The Omicron variant has also crossed, much better than other variants, the natural immunity acquired from previous infections, and some concerns have been raised that BA.2 could do that to people who contracted BA.1 in the Omicron wave. While such reinfections have been reported, so far they have been extremely rare even in countries where BA.2 is now prevalent.
“Although vaccination does not protect against BA.1 and BA.2 infection as well, efficacy in this regard is partially restored with a booster dose, and vaccines still provide very good protection against serious illness due to both Omicron subvariants,” she said.
And about whether there are certain people who should be more concerned about the BA.2 subvariant than others, Wen noted: “People who are very vulnerable to severe COVID-19 disease despite vaccination should be concerned about the coronavirus in general, as well as other infectious pathogens. For most people, SARS-CoV-2 infection will result in mild illness, but in some people, those who are moderately or severely immunocompromised or have multiple underlying medical conditions, the infection could result in hospitalization.”
“Subvariant BA.2 may not cause a more serious disease than BA.1, but because of how contagious it is, especially vulnerable people will need to continue to take additional precautions,” he said. This includes wearing a high-quality mask (N95, KN95 or KF94) in all enclosed public places, avoiding large crowds, and traveling alone for essential reasons. Before meeting with others, they can request that others get tested for COVID-19.”
Regarding whether someone who contracted the previous variant of the virus can become infected again, recent research indicates that it is possible to be infected twice with two different subvariants of the Ómicron coronavirus, but it rarely happens. This new study, led by researchers from Denmark's highest infectious disease authority, shows that people infected with BA.1 can become infected with BA.2 soon after, but it is a rare occurrence.
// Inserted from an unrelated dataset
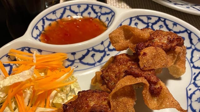 Een krokant pakketje met kipgehakt, krab en Thaise kruiden (3 stuks)

In the same vein, the World Health Organization (WHO) stated that “infection with BA.1 continues to provide protection against BA.2. An infection with BA.2 after having BA.1 is rare.”
Finally, another of the most common doubts that often arise around this topic has to do with a strategy put forward by some, which aims to deliberately seek to get rid of the disease, on the basis of whether it will be impossible to get rid of the virus forever anyway, better to happen with this variant that is not as dangerous as the first ones.
For Wen, “while the Omicron variant is less likely to cause serious illness compared to the Delta variant, it still causes serious illness in some people.” “In addition, even a mild illness can be very unpleasant and cause discomfort, missing work and not being able to care for family members for days,” he said. It could also infect other people, and there is a possibility that the symptoms may be long-lasting.”
For Akiko Iwasaki, an immunobiologist at the Yale University School of Medicine, who studies viral immunity, several problems arise with this idea. Firstly, because it is not possible to know with certainty what the seriousness of each case will be. Secondly, he says that vaccines and boosters already have solid protection that does not require infection to add antibodies; and thirdly, infections can affect other people in terrible ways. That's when a ripple effect can occur.
In the opinion of the George Washington University expert, “subvariant BA.2 could undoubtedly cause another spike in COVID-19 infections in the United States.” “There are already some signs that the sharp decline in new cases is stabilizing, and if the US follows the example of Europe, as has happened before, an increase in cases could occur within a few weeks,” he said.